I hear a constant ringing in my ears but that too is distant. I feel disconnected from the rest of the world, like I am suddenly pulled out, plucked out so harshly everything hurts. The ringing is constant but along with that I hear those words. The words that held the power to ruin me completely.

"~Prince Soobin lost his life.~"

"~The queen has been abducted.~"

"~Prince Soobin lost his life.~"

"~The queen has been abducted.~"

"....while trying to..."

"....stop them from taking her....."

"The queen has been abducted."

I feel funny. Painfully funny.

I cover my ears, wanting these noises, these sounds, these words to stop tormenting me like this. But they don't show me mercy. They keep pouring down on me like a rain storm so harsh I feel like being crushed under its torture.

I don't feel good. I feel sick. Terrible. And I want to cave in to the only source of comfort I ever needed and had in life but the reality came down rushing into my body just in a millisecond and I froze. She isn't here.

She isn't going to be here for a while.

Soobin...

I gasp.

I simply can't imagine him being covered in blood, helpless, taking his last breaths. I just can't.

I practically raised that kid.

He was my first ever friend. My first companion. My first solace out of this robotic and chained life I was living under my mother's shadows. I remember how happy I was when I found out Ma was having a baby. But I couldn't really show it to anyone so I acted like it didn't bother me, affect me in any way, be it good or bad. I was afraid to approach her. I didn't know what I'll say when she'll look at me. I found myself frozen whenever out eyes clashed.

She looked warm. Like a drop of the bright sun which was quite unlike how people in the castle described her as.

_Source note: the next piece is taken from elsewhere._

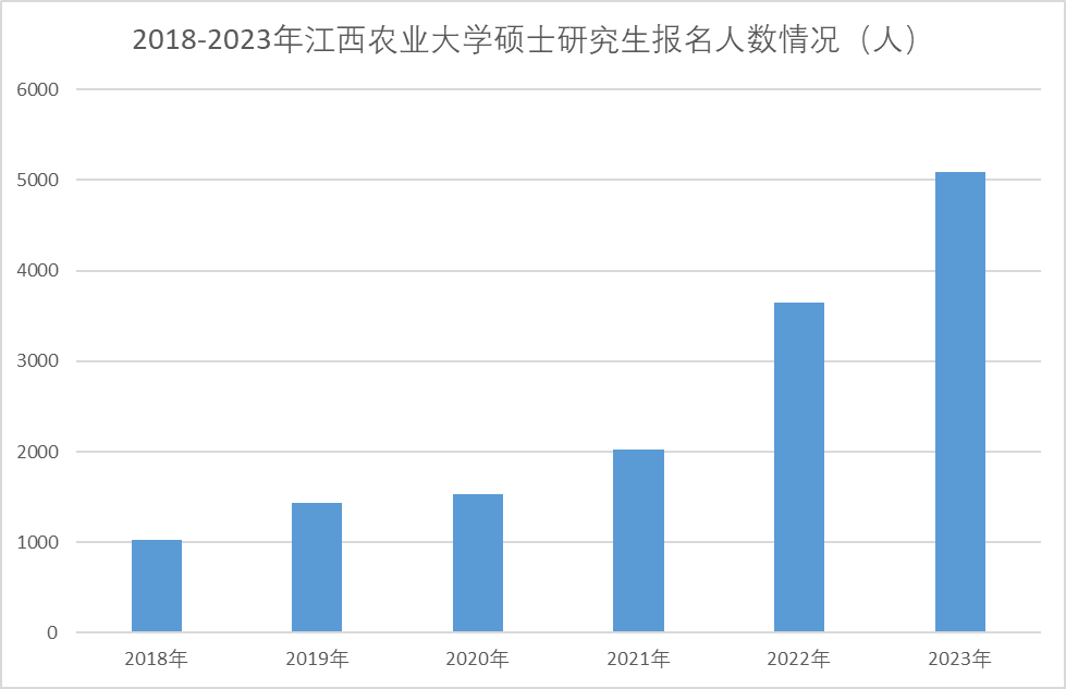 近幾年,江西農(nóng)業(yè)大學(xué)碩士研究生報(bào)考人數(shù)增長(zhǎng)迅猛,報(bào)考人數(shù)從2018年的1029人增長(zhǎng)至2023年的5087人,年均增長(zhǎng)近65%。

Even the workers and maids called her names, they called her mean. It made me want to counter them, tell them they must have mistaken it all cause just one look at her and you just know she had a good heart. I think father was the only one to ever see that and that was why he loved her so much, so unconditionally.

I wasn't jealous of her for stealing my time with him. I wanted to get to know her too but I was afraid. I was scared of getting disappointed and becoming a disappointment. What if she didn't like me? What if I perceived her to be someone she was not? But all that changed when Soobin came into our lives. He became the anchor between us. A bridge.